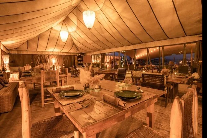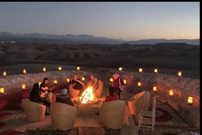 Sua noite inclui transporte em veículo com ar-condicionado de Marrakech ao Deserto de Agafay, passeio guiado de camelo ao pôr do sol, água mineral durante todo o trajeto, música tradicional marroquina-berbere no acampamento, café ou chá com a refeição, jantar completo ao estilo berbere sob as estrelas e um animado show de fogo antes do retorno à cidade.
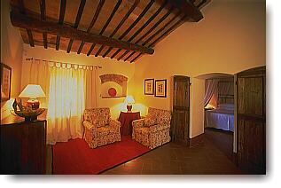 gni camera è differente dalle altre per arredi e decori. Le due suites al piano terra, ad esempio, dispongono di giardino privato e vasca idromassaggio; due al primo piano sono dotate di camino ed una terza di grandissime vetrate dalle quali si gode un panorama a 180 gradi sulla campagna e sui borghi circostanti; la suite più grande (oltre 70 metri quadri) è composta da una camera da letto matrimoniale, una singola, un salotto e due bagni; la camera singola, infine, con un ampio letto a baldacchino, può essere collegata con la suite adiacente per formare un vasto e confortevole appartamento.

┄┄┄┄┄┄

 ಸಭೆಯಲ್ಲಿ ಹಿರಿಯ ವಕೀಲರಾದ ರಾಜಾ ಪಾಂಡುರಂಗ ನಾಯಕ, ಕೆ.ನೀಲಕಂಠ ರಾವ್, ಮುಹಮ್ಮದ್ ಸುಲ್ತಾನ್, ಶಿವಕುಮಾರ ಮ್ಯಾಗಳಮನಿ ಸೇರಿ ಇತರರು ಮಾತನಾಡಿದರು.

┄┄┄┄┄┄

▶ _Task_
Without the pictures, give again exactly the lines above starting at the line containing "Sua noite inclui" and ending at the line containing "gni camera è".

▶ _Response to the task_
 Sua noite inclui transporte em veículo com ar-condicionado de Marrakech ao Deserto de Agafay, passeio guiado de camelo ao pôr do sol, água mineral durante todo o trajeto, música tradicional marroquina-berbere no acampamento, café ou chá com a refeição, jantar completo ao estilo berbere sob as estrelas e um animado show de fogo antes do retorno à cidade.
 gni camera è differente dalle altre per arredi e decori. Le due suites al piano terra, ad esempio, dispongono di giardino privato e vasca idromassaggio; due al primo piano sono dotate di camino ed una terza di grandissime vetrate dalle quali si gode un panorama a 180 gradi sulla campagna e sui borghi circostanti; la suite più grande (oltre 70 metri quadri) è composta da una camera da letto matrimoniale, una singola, un salotto e due bagni; la camera singola, infine, con un ampio letto a baldacchino, può essere collegata con la suite adiacente per formare un vasto e confortevole appartamento.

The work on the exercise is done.